A crinoline (/ˈkrɪnəlɪn/ KRIN-əl-in) is a stiff or structured petticoat designed to hold out a skirt, popular at various times since the mid-19th century. Originally, crinoline described a stiff fabric made of horsehair ("crin") and cotton or linen which was used to make underskirts and as a dress lining. The term crin or crinoline continues to be applied to a nylon stiffening tape used for interfacing and lining hemlines in the 21st century.

By the 1850s the term crinoline was more usually applied to the fashionable silhouette provided by horsehair petticoats, and to the hoop skirts that replaced them in the mid-1850s. In form and function these hoop skirts were similar to the 16th- and 17th-century farthingale and to 18th-century panniers, in that they too enabled skirts to spread even wider and more fully.

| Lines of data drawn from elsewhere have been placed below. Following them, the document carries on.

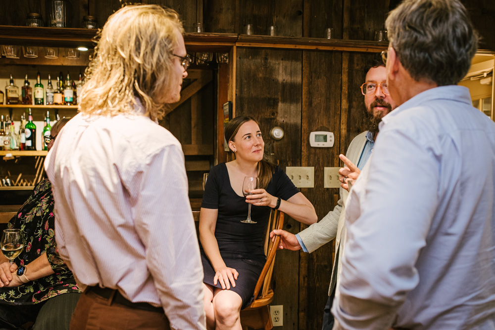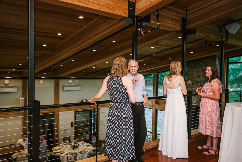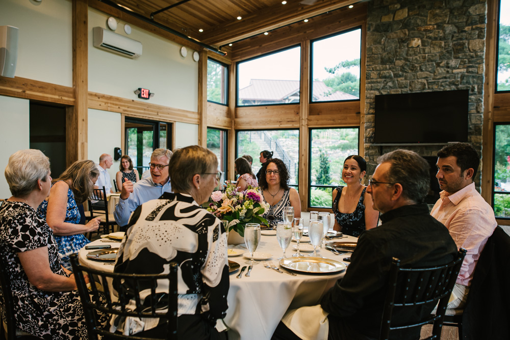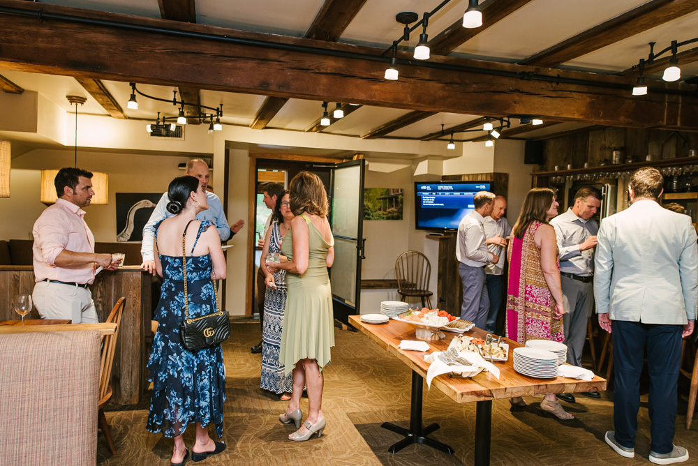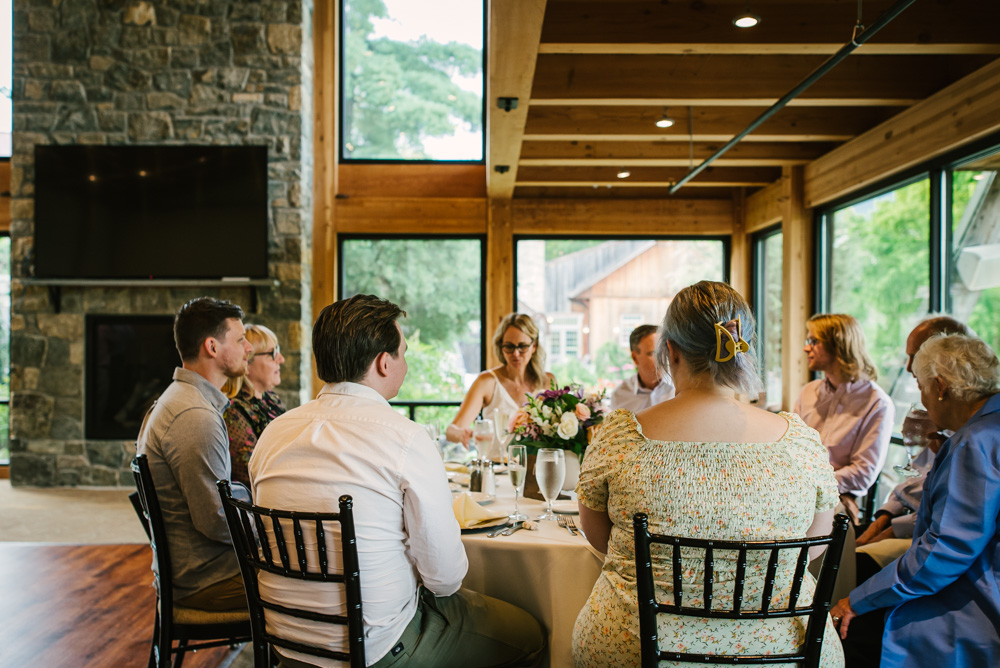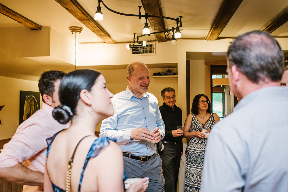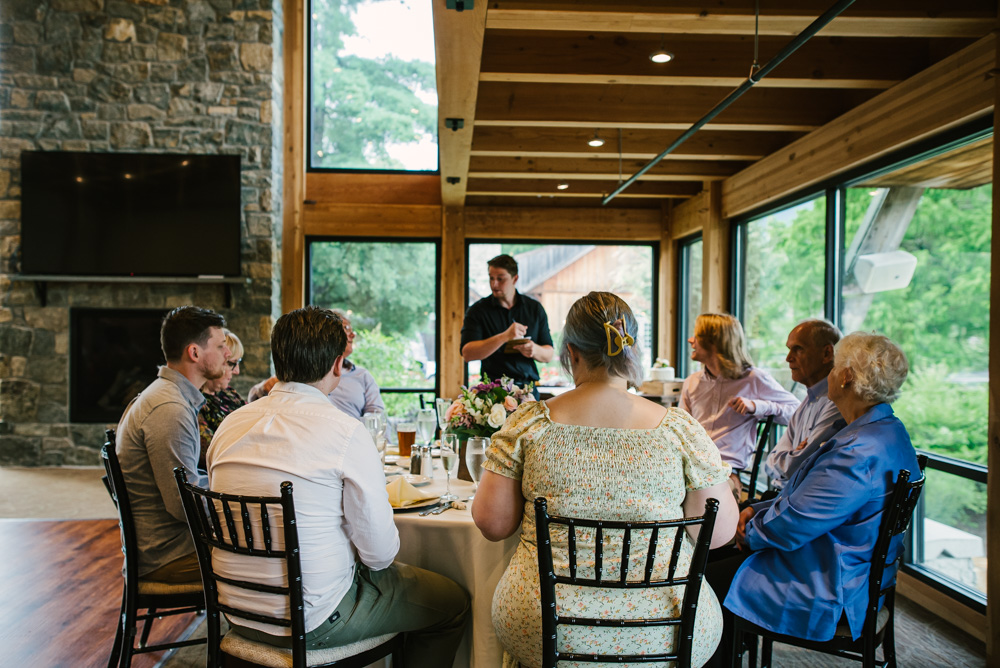 Guests gather in the Glasloft for the reception to celebrate the just-married couple. Drinks were enjoyed in the pub before dinner which was kicked of with words of thanks and a toast from Heather and David.
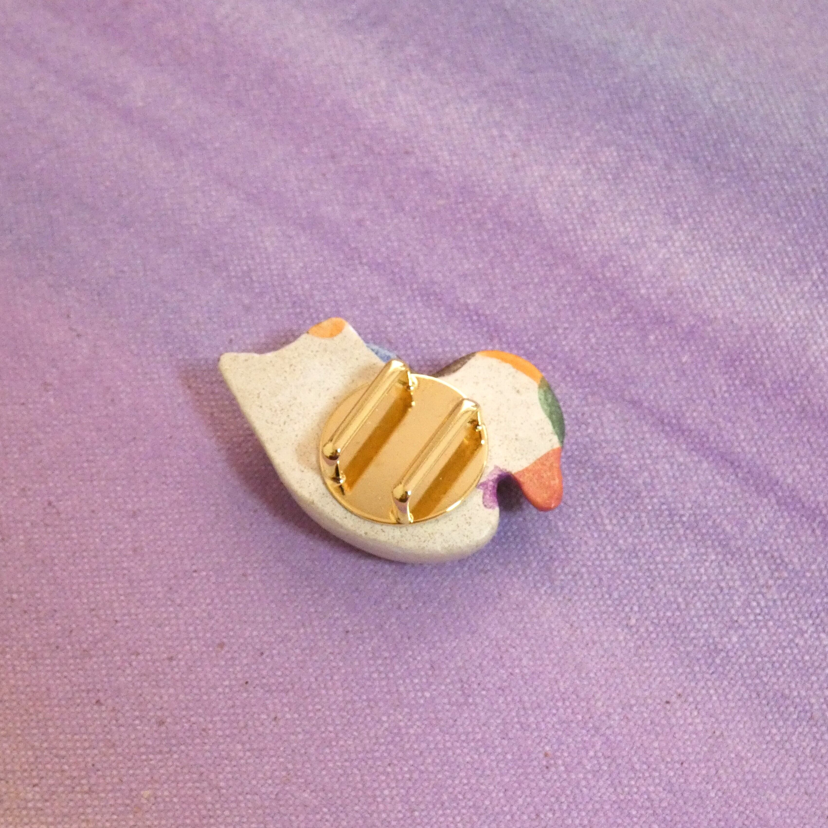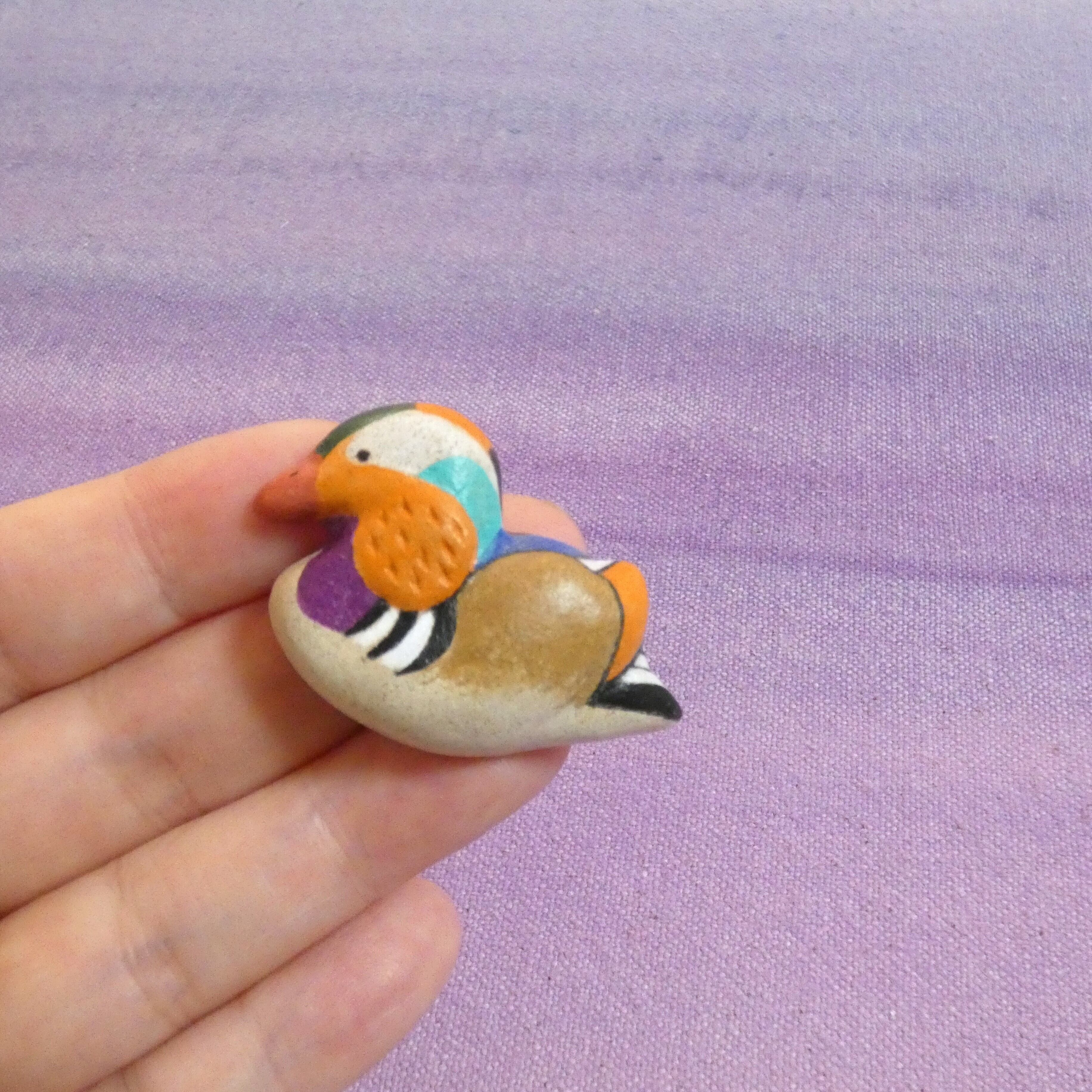 オーブン陶土で作った【鴛鴦(おしどり)の帯留め】です。
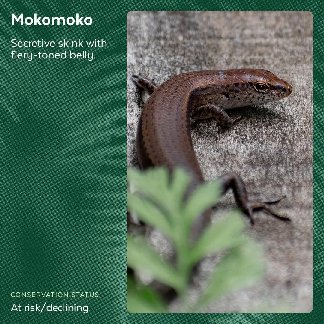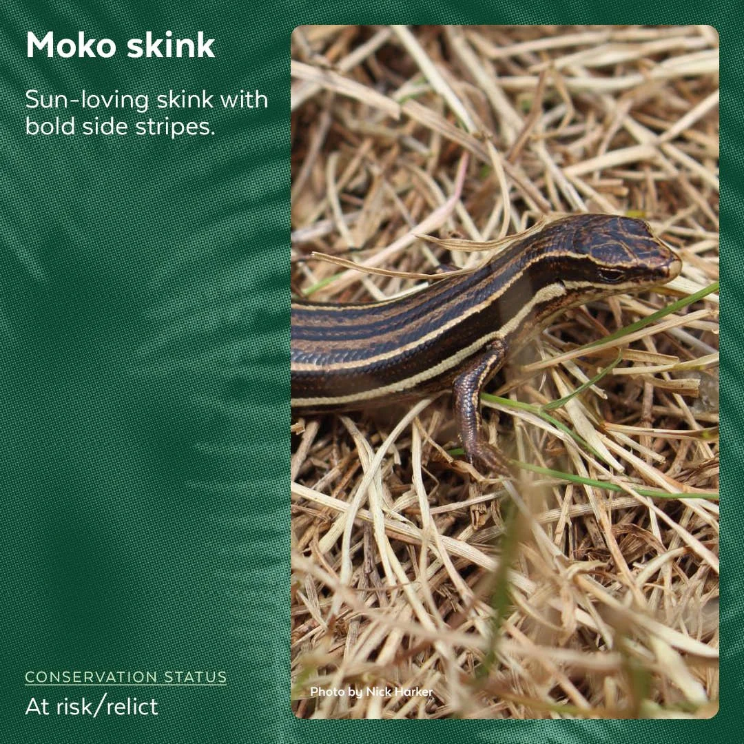 The moko skink is omnivorous, feeding on berries, invertebrates and even introduced plague skinks! Their preferred habitat is rank grass or coastal forest underneath coastal rocks and logs. As with most of our native skinks, females give birth to live young and will produce 1 to 6 offspring per year.

The steel-hooped cage crinoline, first patented in April 1856 by R.C. Milliet in Paris, and by their agent in Britain a few months later, became extremely popular. Steel cage crinolines were mass-produced in huge quantity, with factories across the Western world producing tens of thousands in a year. Alternative materials, such as whalebone, cane, gutta-percha, and even inflatable caoutchouc (natural rubber) were all used for hoops, although steel was the most popular. At its widest point, the crinoline could reach a circumference of up to six yards, although by the late 1860s, crinolines were beginning to reduce in size. By the early 1870s, the smaller crinolette and the bustle had largely replaced the crinoline.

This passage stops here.